Of course not getting the signals straight on the environment is a layer on top of the moral reasons why disenfranchising First Nations by erecting cumbersome bureaucratic obstacles to their voting is appalling. They only got that right as recently as 1960, when Prime Minister Diefenbaker saw to it that they could vote without losing their treaty rights.

It looks like almost 60% of Afghanistan citizens voted in recent elections, risking violence, possible death at the hands of the Taliban who threatened to blow up their polling stations. Oh the heart-rending irony of it, if Canadians are going to sink back into their comfortable chairs and view the world through a flat screen until this particular kerfuffle passes.

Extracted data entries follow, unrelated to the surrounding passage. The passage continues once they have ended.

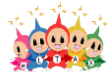
eLTAX イメージキャラクター エルレンジャー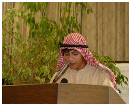
Saudi-Arabien bespricht die GV

Die USA sprachen von ihrer verwundeten Seele nach dem 11. September und davon, dass sie Freiheit und Demokratie in die Welt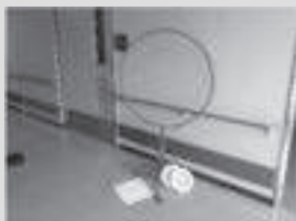
フライングディスク

三重県身体障害者総合福祉センターでは、気軽にスポーツを楽しんでいただけるよう、スポーツ用具の貸し出しを行っています。詳しくは、ご来所、お電話、FAXでお問い合わせください。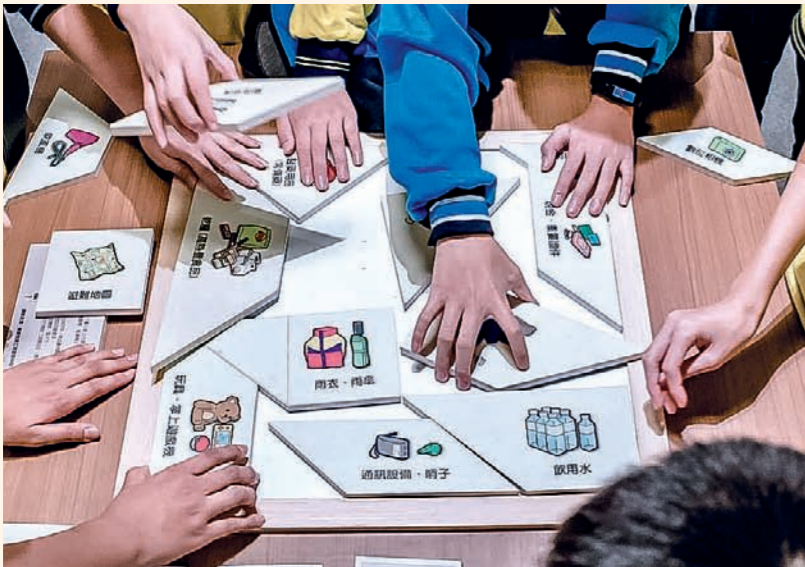
臺中靜思堂展館中，學生用七巧板桌遊拼出「緊急避難包」(上圖)；關渡環保防災教育展(下圖)以<u>K</u>讓人跟著海龜優游；環境教育可透過課程、戶外教學、參訪等方式進行。

燒了」這一關，同學們要猜猜看，誰才是溫室氣體排放的「大魔王」，究竟是牛羊豬雞鴨組成的畜牧業？還是運輸業的飛機汽車輪船？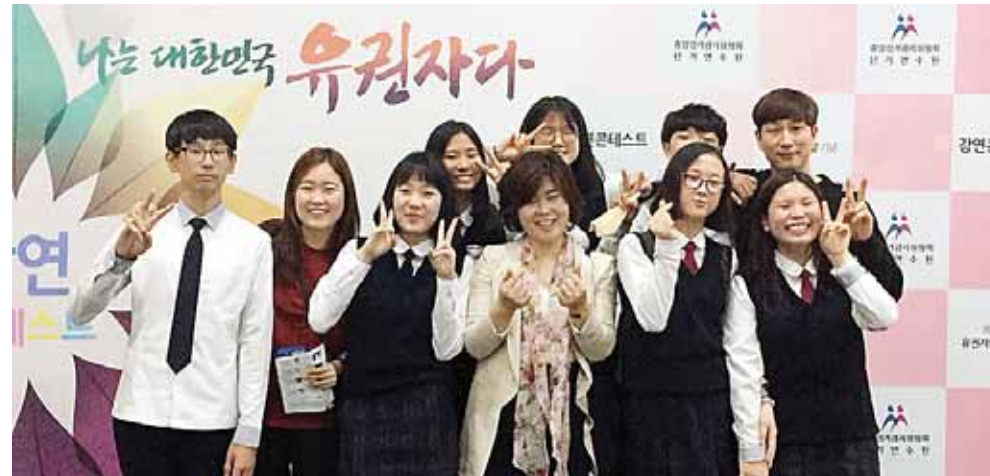
‘제6회 유권자의 날 기념 강연콘테스트’에서 우수상을 수상한 광산중학교 ‘신나고단’ 단원들.

“중요한 것은 우리 이야기를 들어주는 정치인에게 꾸준히 관심을 가져야 한다는 겁니다.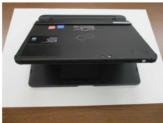
②ディスプレイを開きます。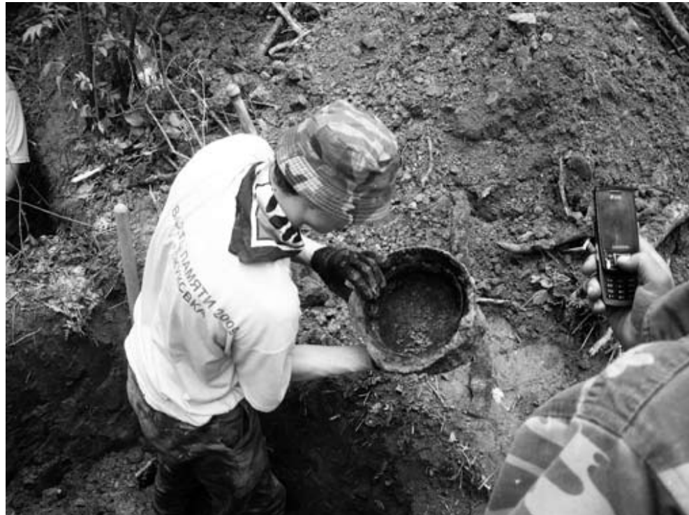
Находка - каска красноармейца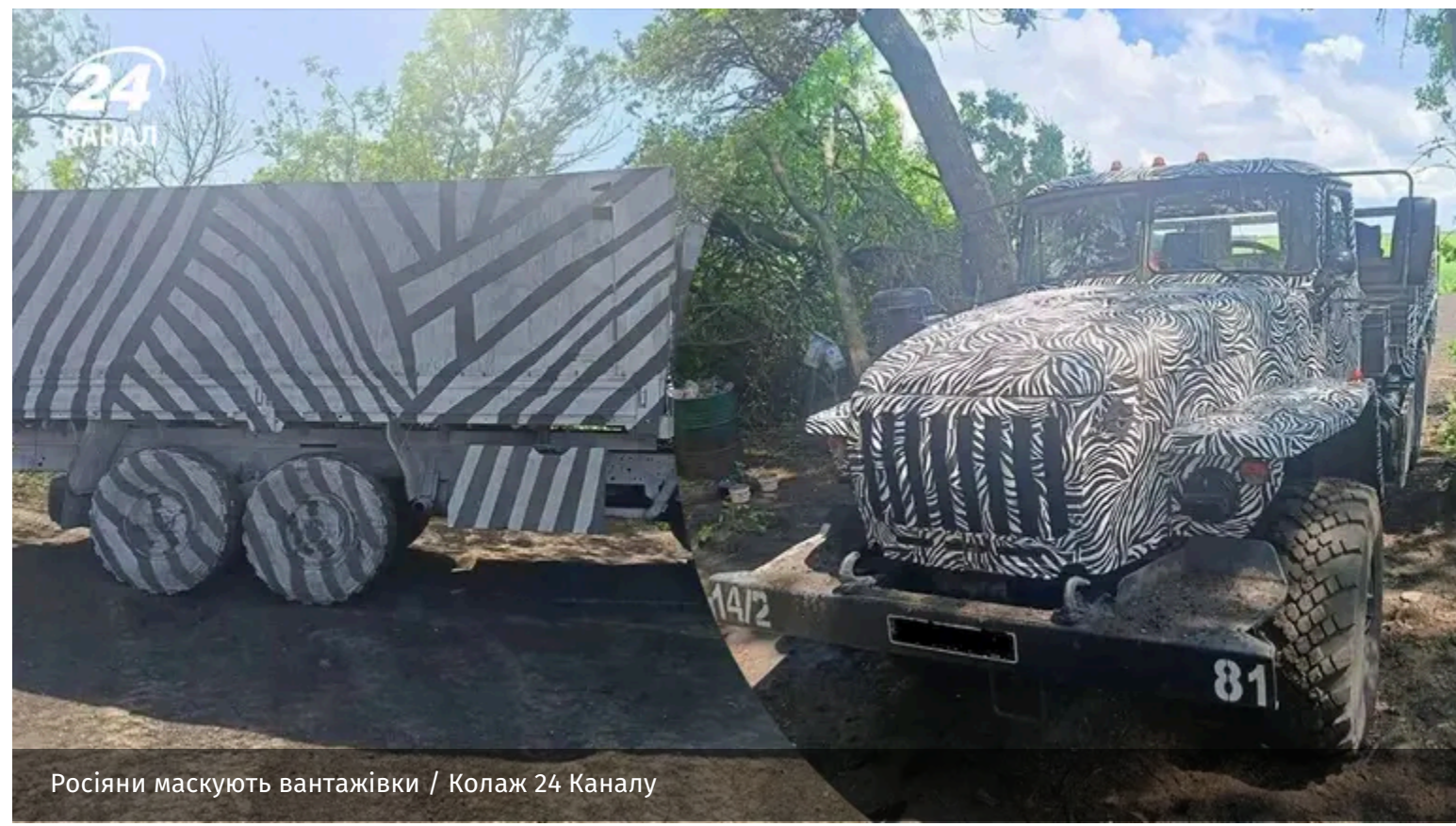
Росіяни маскують вантажівки

Так звана траса "Новоросія", яка веде з Криму до Маріуполя, Таганрога і Ростовської області, опинилася під вогневим контролем українських БПЛА. Тому окупанти маскують вантажівки зебрподібним смугастим камуфляжем. Навіть колеса фарбують у чорно-білий.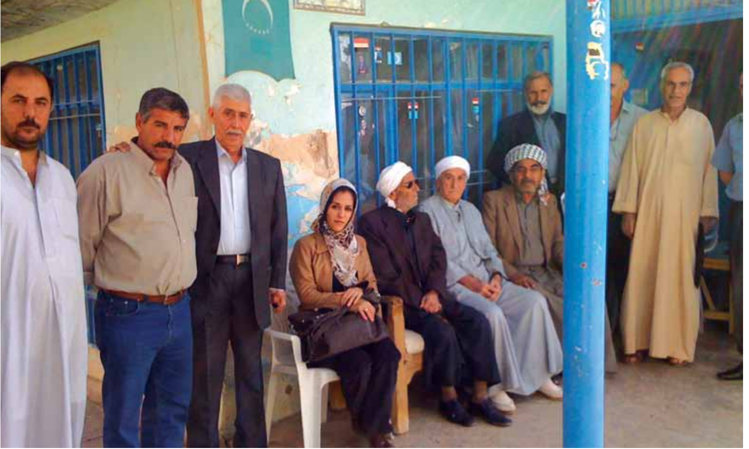
Kerkük, Kasım 2010

“ABD Güçlerinin 2004-2005 Telafer Operasyonları ve Bıraktığı İzler”, Bilgay Duman, Mayıs 2009.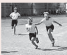
▲鬼ごっこを楽しむ場面

本校は、1909年に現在地へ新築・移転し、鷺宮の歴史とともに歩んできた学校です。▲ドッジボールを楽しむ場面 現在、学校として取り組んでいるのが、学力向上と異学年交流です。特に異学年交流は、月1回第2木曜日の8時15分から15分間、1年生から6年生までの10人編成で活動しています。上級生が下級生を思いやり、仲よく協力し、信頼し支え合おうとする人間関係の育成に力を入れて「ふれあい活動(縦割り班活動)」を実践しています。異年齢集団からなる人間関係を通して、豊かな心を育成していくことを目指しています。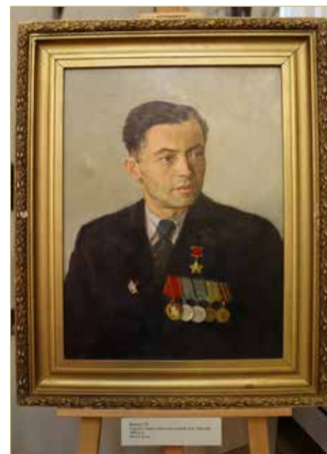
Портрет Якова Павлова.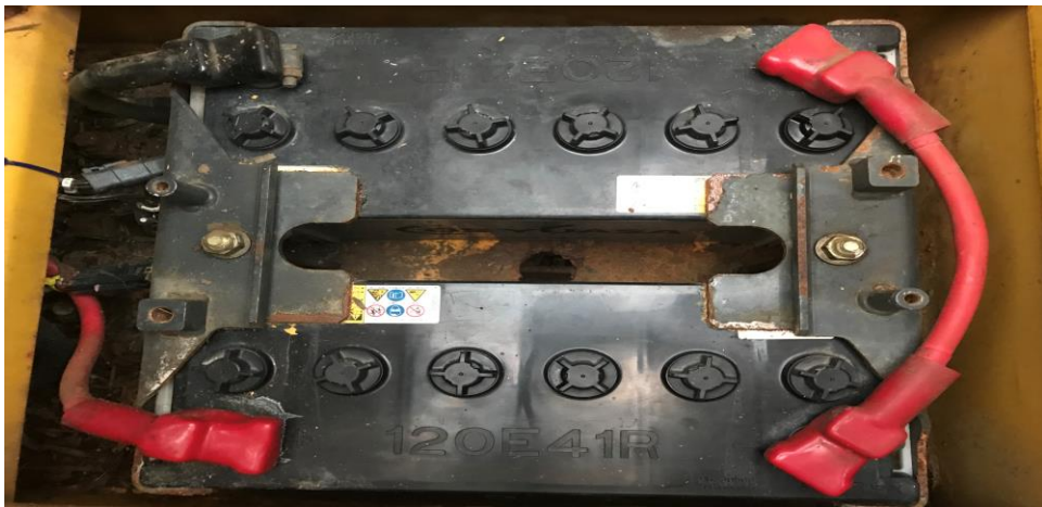
バッテリー写真 (24V) 120E41R

The Harper government proposes treating Election Canada in much the same way as it has the Department of Oceans and Fisheries: reducing its authority by breaking up its responsibilities. (DFO is having its powers to protect fish signed over to the National Energy Board and the Nuclear Safety Commission. I’ve covered these issues in previous blogs: “Oceans & Fisheries loses out to another agency again,” March 3rd, 2014; and “Furthering Harper’s Stealth Agenda,” February 2nd, 2014.)

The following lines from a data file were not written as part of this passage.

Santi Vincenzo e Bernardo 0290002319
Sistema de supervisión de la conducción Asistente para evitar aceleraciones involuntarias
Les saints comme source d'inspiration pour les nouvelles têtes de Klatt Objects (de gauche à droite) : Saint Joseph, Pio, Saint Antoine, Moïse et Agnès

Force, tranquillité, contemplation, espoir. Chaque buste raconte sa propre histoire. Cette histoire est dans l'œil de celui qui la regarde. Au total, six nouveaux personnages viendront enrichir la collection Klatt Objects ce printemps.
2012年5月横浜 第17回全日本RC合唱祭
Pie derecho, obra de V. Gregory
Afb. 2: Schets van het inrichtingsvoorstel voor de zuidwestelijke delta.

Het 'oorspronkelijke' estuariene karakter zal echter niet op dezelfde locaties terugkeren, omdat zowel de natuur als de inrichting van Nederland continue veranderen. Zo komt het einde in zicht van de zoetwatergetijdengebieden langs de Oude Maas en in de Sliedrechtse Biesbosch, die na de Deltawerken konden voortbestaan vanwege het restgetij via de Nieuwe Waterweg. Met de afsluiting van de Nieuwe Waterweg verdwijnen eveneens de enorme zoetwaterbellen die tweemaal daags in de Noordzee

The Fair Elections Act would have Elections Canada’s investigative powers assigned to the Director of Public Prosecutions, which answers to the cabinet.  Both Chief Electoral Officer Marc Mayrand and Yves Cote, commissioner of elections agree that this move would impede investigations and compromise the commissioner’s independence. In testimony to a parliamentary committee, the commissioner said this would slow down investigations, create communication problems and goes against the principles established by regulatory bodies such as the Canada Revenue Agency, the Competition Bureau and the Canada Border Services Agency.

The Harper government is also putting an end to the use of the voter identification card as a legitimate means of establishing one’s address, a necessary condition for voting; 400,000 people used it as part of a pilot program in 2011. When you put this up against some of the bill’s 39 so-called legitimate means of establishing one’s identity such as a letter from someone who works in a soup kitchen, this is crazy. Harper wants to invalidate a communication piece from Elections Canada to voters in favour of a long list of other identification forms that have nothing to do with elections or voting.

The Fair Elections Act is a very daring reworking of Canadian democracy. It is of a piece with the Harper government’s prorogation of parliament, its omnibus bills, limiting debate in parliamentary committees, invoking closure and the sort of behaviour that got it found in contempt of parliament, the only government in the Commonwealth ever to be so humiliated.

Everything You Need to Know about the Fair Elections Act, Globe and Mail http://www.theglobeandmail.com/news/politics/what-is-the-fair-elections-act/article17648947/#dashboard/follows/

Don’t Undermine Elections Canada, National Post, “We the undersigned…”http://fullcomment.nationalpost.com/2014/03/11/dont-undermine-elections-canada/

Andrew Coyne: The Tories were Right to be Nervous. Marc Mayrand shredded their Fair Elections Act almost line by line, Andrew Coyne, March 11, 2014, http://fullcomment.nationalpost.com/2014/03/11/dont-undermine-elections-canada/

“We Believe this Act will Prove to be Deeply Damaging to Electoral Integrity within Canada” We the undersigned… March 19,2014 http://www.theglobeandmail.com/news/politics/letter/article17561359/#dashboard/follows/

Current Voter Identification http://www.elections.ca/content.aspx?section=vot&dir=ids&document=index&lang=e#one

CBC News: Do you have the Right ID to Cast a Ballot in a Federal Election? Laura Payton, March 29, 2014, http://www.cbc.ca/news/politics/do-you-have-the-right-id-to-cast-a-ballot-in-a-federal-election-1.2590173

Huff Post Politics, April 7, 2014, Fair Elections Act: Public Prosecutor Not Consulted on Planned New Role http://www.huffingtonpost.ca/2014/04/06/fair-elections-act-public-prosecutor-brian-saunders_n_5101083.html

CTV News, Elections Commissioner Wants Power to Compel Testimony from Witnesses, April 2, 2014, http://www.ctvnews.ca/politics/elections-commissioner-wants-power-to-compel-testimony-from-witnesses-1.1756935

Correction: A correction has been made regarding the proposed transfer of the commissioner of elections’ powers in the third to last paragraph. My regrets.